> WHAT YOU ARE ASKED TO DO:
Reproduce, exactly and in full, the lines from the one with "2月18日,湖北省武汉市长江" through the one with "3.1 Dentro da" in the data below; drop pictures.
=== SUPPLIED RECORDS ===
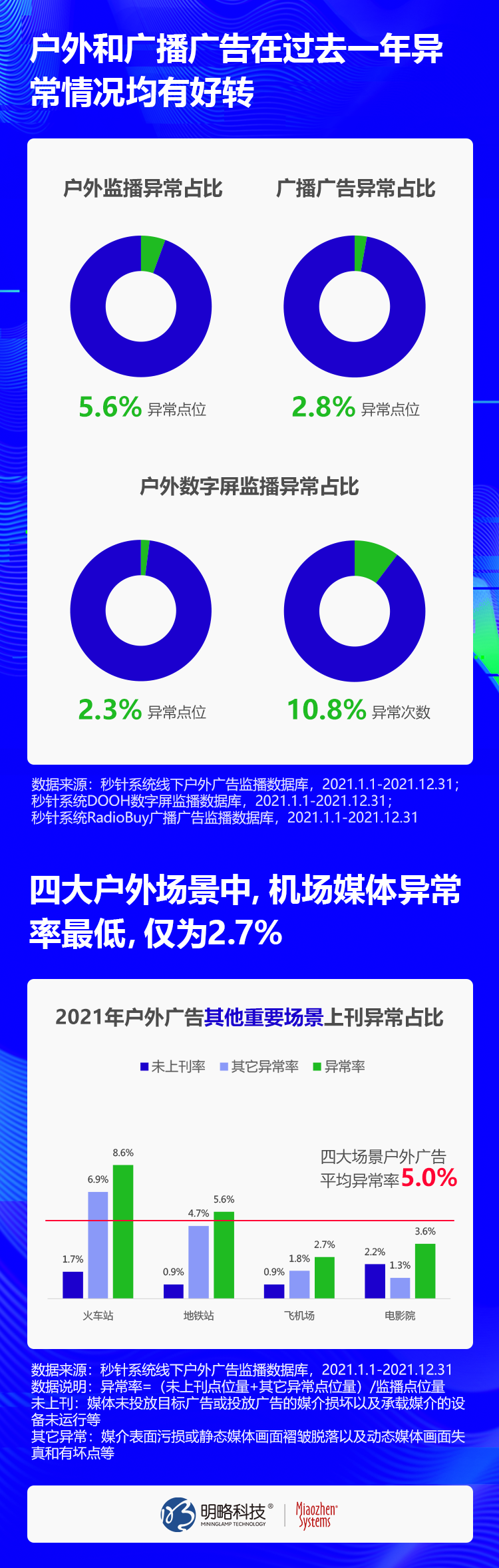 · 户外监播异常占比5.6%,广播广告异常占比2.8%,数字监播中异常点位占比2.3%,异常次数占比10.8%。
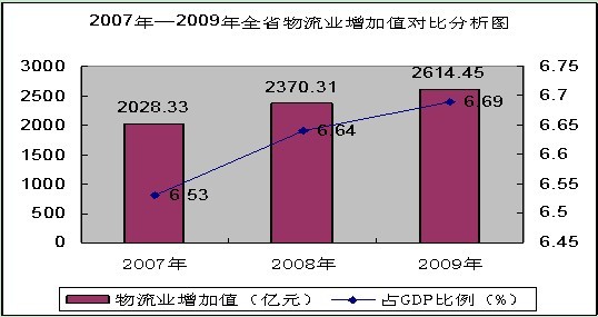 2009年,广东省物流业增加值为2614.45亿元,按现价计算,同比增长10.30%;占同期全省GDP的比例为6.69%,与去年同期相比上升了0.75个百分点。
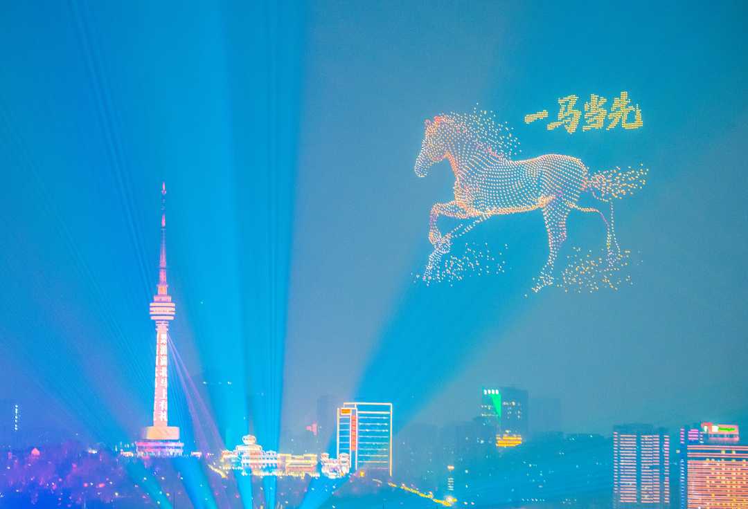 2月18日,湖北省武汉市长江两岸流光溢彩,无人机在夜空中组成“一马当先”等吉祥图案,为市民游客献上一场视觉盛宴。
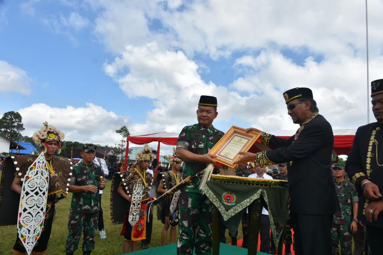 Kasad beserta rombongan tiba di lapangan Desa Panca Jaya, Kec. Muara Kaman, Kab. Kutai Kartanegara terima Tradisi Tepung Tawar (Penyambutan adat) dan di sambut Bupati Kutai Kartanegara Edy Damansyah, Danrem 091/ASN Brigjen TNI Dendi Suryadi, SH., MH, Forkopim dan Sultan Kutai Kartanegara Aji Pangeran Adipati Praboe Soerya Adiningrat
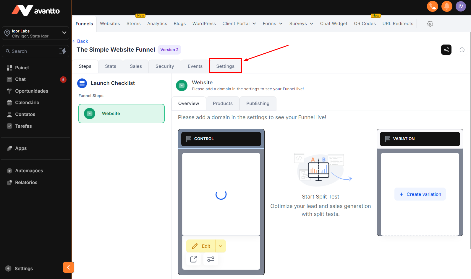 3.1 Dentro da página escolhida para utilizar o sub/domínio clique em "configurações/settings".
===
=== SUPPLIED RECORDS ===
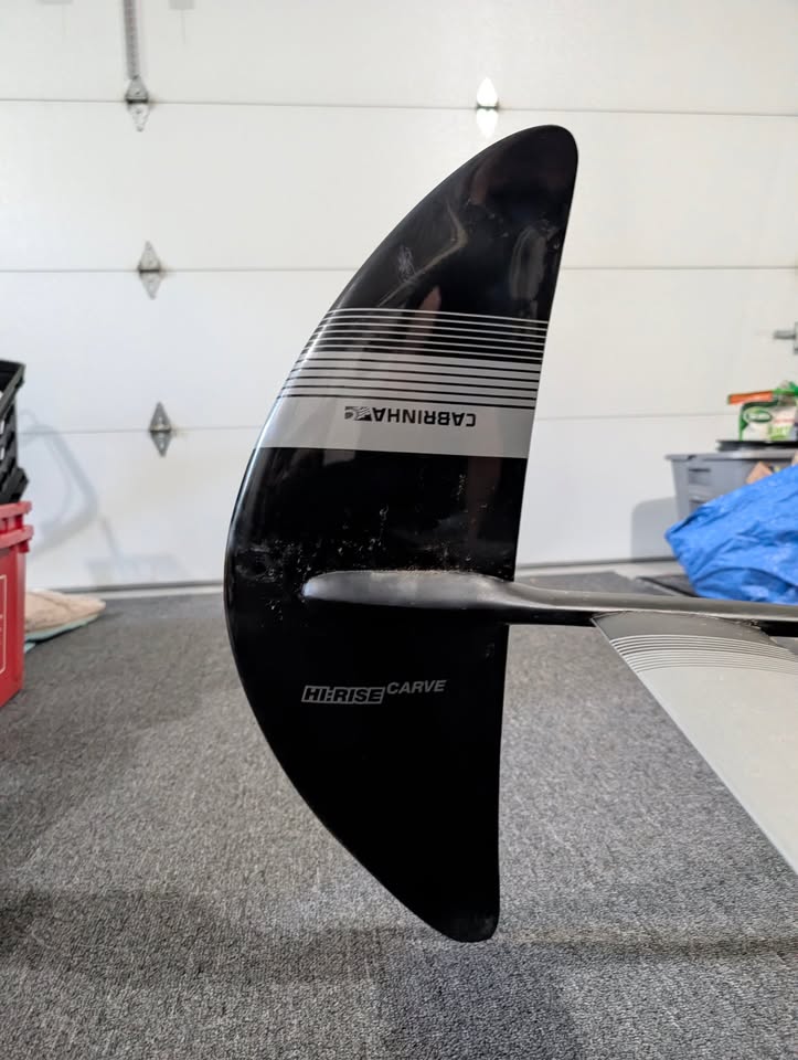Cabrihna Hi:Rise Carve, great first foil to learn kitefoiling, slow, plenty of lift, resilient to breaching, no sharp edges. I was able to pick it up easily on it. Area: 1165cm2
===
> OUTPUT FOR THIS EXERCISE:
 2月18日,湖北省武汉市长江两岸流光溢彩,无人机在夜空中组成“一马当先”等吉祥图案,为市民游客献上一场视觉盛宴。
 Kasad beserta rombongan tiba di lapangan Desa Panca Jaya, Kec. Muara Kaman, Kab. Kutai Kartanegara terima Tradisi Tepung Tawar (Penyambutan adat) dan di sambut Bupati Kutai Kartanegara Edy Damansyah, Danrem 091/ASN Brigjen TNI Dendi Suryadi, SH., MH, Forkopim dan Sultan Kutai Kartanegara Aji Pangeran Adipati Praboe Soerya Adiningrat
 3.1 Dentro da página escolhida para utilizar o sub/domínio clique em "configurações/settings".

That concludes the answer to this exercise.